Puppy power: California Gov. Jerry Brown is selling t-shirts featuring his corgi, Sutter, and promises to donate $3 from each purchase to the Golden State’s general fund.

Pole tax: In 2007, Texas Gov. Rick Perry instituted a $5 tax on strip club patrons to fund sexual-assault prevention and state health insurance. It has since brought in $15 million.

Frack party! After he proposed slashing the state education budget by $2 billion, Pennsylvania Gov. Tom Corbett suggested the state university system open up six of its campuses to natural-gas extraction.

Pass the hat: Faced with a costly court challenge to its draconian abortion consent law, South Dakota is accepting donations to cover $750,000 in legal fees. Less than $65,000 has come in.
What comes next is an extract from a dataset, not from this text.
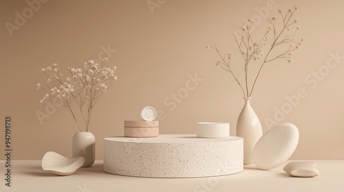 elegant, minimalist, composition, ceramic, vase, pedestal, beige, background, showcase, natural, soap, tube, neutral, brand, grace, modern, plant, zen, skincare, soft, decor, display, calm, product, design, stage, scene, footprint, spa, clean, dais, home, lifestyle, art, pumice, style, setup, mute, wellness, set
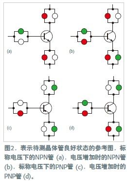 當一只正常晶體管插在測試端子之間時,它限制電流只能沿某些方向流動。串聯(lián)的LED表示出這些方向,因此指示出了晶體管的類型。例如,對NPN晶體管,LED發(fā)光為紅-綠-紅;而對PNP晶體管,發(fā)光為綠-紅-綠。

Plane dealing: In 2006, then-Alaska Gov. Sarah Palin pledged to sell off the state’s private jet on eBay. That didn’t pan out; the jet, first bought for $2.7 million, was eventually sold for $2.1 million.

School’s out…forever: Utah state Sen. Chris Buttars estimated that eliminating the 12th grade would knock $60 million out of the state’s $700 million deficit. His fellow legislators flunked the idea.

The honesty tax: Arizona state Rep. Judy Burges proposed adding an “I Didn’t Pay Enough” option to state income tax filings. Burges estimated it could net an extra $12 million a year; in its first year, it brought in just $13,204.

Venture capitol: In 2010, Arizona Gov. Jan Brewer approved the sale of three capitol buildings for $81 million. In January, Brewer said she’d buy them back from the investors the state had been leasing them from—at a cost of $106 million.

Image: Cafe Press; Terraxplorer/iStockPhoto; State of Alaska; State of Arizona; Graffizone/iStockphoto.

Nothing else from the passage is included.